Friday, May 15, 2015

A Critical Examination of Carol Kahn’s " Can we achieve immortality? The ethics of cloning and other life-extension technologies " Part 3

Application to Abortion


Pro-Life advocates – with a few exceptions – argue that the human being is a person with a right to life from the moment it comes into being at conception. This is because the unborn human being has a personal nature with intrinsic capacities and powers that naturally and innately flow from its nature. When the unborn human being is able to actively exercise these capacities, its nature is being perfected. So essentially, being a human person is more of a matter of having a human nature than having an ability or property that’s more typically associated with mature human beings than less developed human beings.
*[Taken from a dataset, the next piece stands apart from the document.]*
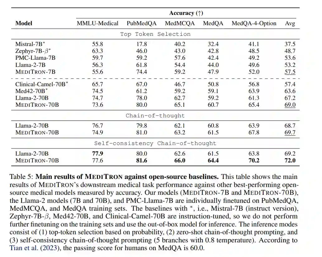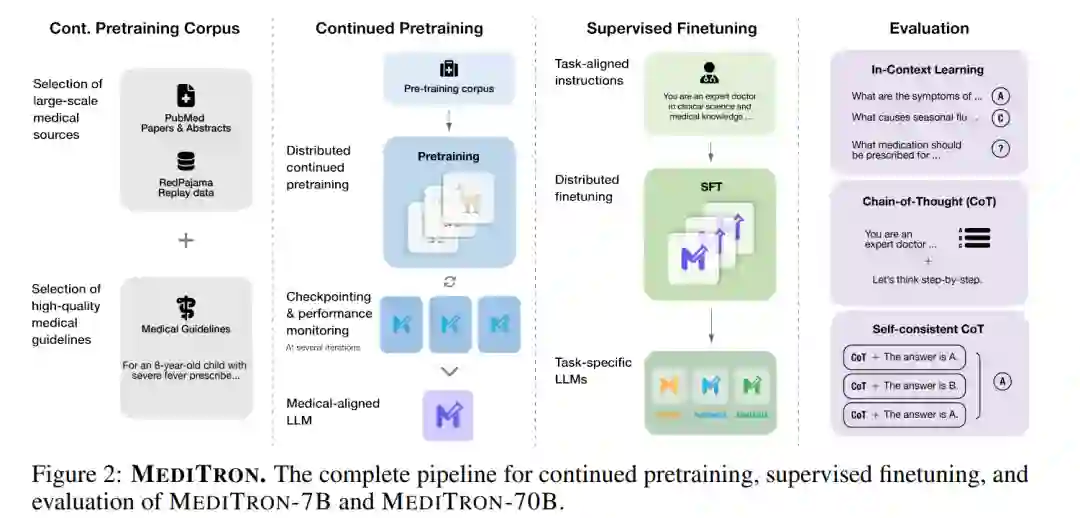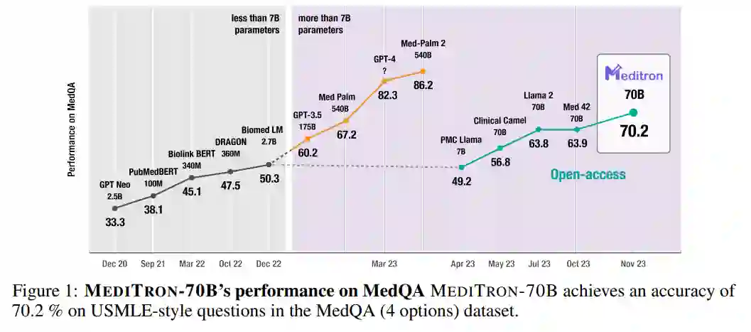 直到最近,LLMs主要针对通用任务进行开发和评估,主要使用从不同互联网来源收集的数据,这些数据在领域特定证据方面的质量各不相同(Rozière et al., 2023)。这种方法虽然通常非常强大,但会阻碍特定任务的性能,包括医学领域。一些新的特定任务模型,经过更精心策划的数据集训练,已经多次超越了通用模型(Wu et al., 2023b; Yue et al., 2023; Rozière et al., 2023; Azerbayev et al., 2023),揭示了在预训练数据方面平衡质量和数量的潜力。实现这种平衡的一个有希望的方法是使用通用LLMs,然后继续在更精选的领域特定数据上训练。这些系统获得了自然语言和领域特定语言理解及生成技能的结合(Gururangan et al., 2020)。在医学领域,这种方法仅在13B参数以下的模型中有报告(Lee et al., 2020; Gu et al., 2021; Peng et al., 2023; Wu et al., 2023a)。在更大规模(即≥70B参数)上,之前的研究仅探讨了指令调整(M42-Health)或参数高效微调(Toma et al., 2023)的范围。 在这项工作中,我们介绍了MEDITRON-7B和70B,这是一对用于医学推理的生成LLMs,由Llama-2(Touvron et al., 2023b)改编,通过在精心策划的高质量医学数据源上继续预训练:PubMed Central(PMC)和PubMed开放获取研究论文(通过S2ORC语料库收集,Lo et al., 2020),S2ORC中的PubMed摘要(来自非开放获取论文),以及从互联网收集的多种医学指南,涵盖多个国家、地区、医院和国际组织。为了支持训练,我们扩展了Nvidia的Megatron-LM分布式训练库,以支持Llama-2架构。 我们使用四个医学推理基准对MEDITRON进行评估,包括在上下文学习中(在提示期间提供示例,即在上下文窗口内)和特定任务的微调。基准包括两个医学考试题库,MedQA(来自美国医学执照考试,Jin et al., 2020)和MedMCQA(医学领域的多主题多选题数据集,Pal et al., 2022),PubMedQA(基于PubMed摘要的生物医学问答,Jin et al., 2019)和MMLU-Medical(来自大规模多任务语言理解的医学主题评估集,Hendrycks et al., 2021a)。在没有微调的情况下使用上下文学习,MEDITRON-7B超过了几个最先进的基线,显示出比PMC-Llama-7B(一种类似的LLM,由Llama改编,通过在PubMed Central论文上继续预训练,Touvron et al., 2023a)平均10%的性能提升,以及比Llama-2-7B模型平均5%的性能提升。在特定任务训练数据上微调后,MEDITRON的性能也在同等规模的其他微调基线上有所提升,达到了5%(7B)和2%(70B)的平均性能提升。最后,将MEDITRON-70B微调以支持高级提示策略,如思维链和自我一致性,进一步提高了最佳基线3%和最佳公开基线12%的性能。总的来说,MEDITRON在医学推理基准上表现强劲,在同等规模的最先进基线上匹敌或超越。

Carol Kahn does briefly interact with the pro-life understanding regarding the moral permissibility of abortion when she says, “The fetus is regarded, at least in the early and middle stages of gestational life, as something less than a fully functional human being, and unless one believes that the fetus has an immortal soul that is being destroyed, no other conclusion is logical.” (P. 17). It is true that the fetus in those stages is not as developed as a newborn or infant, but she assumes that level of development is essential to personhood or having a right to life without giving any or adequate reasons. Second, secular arguments generally used by religious and non-religious pro-life advocates do not necessarily focus on the existence of the soul as crucial in determining the unborn’s moral status. The Pro-Life position, while it most often touches on abortion than other issues, is certainly not confined to the abortion issue. These arguments and issues impact our understanding about embryonic stem cell research, cloning, physician-assisted suicide, euthanasia, and lastly abortion.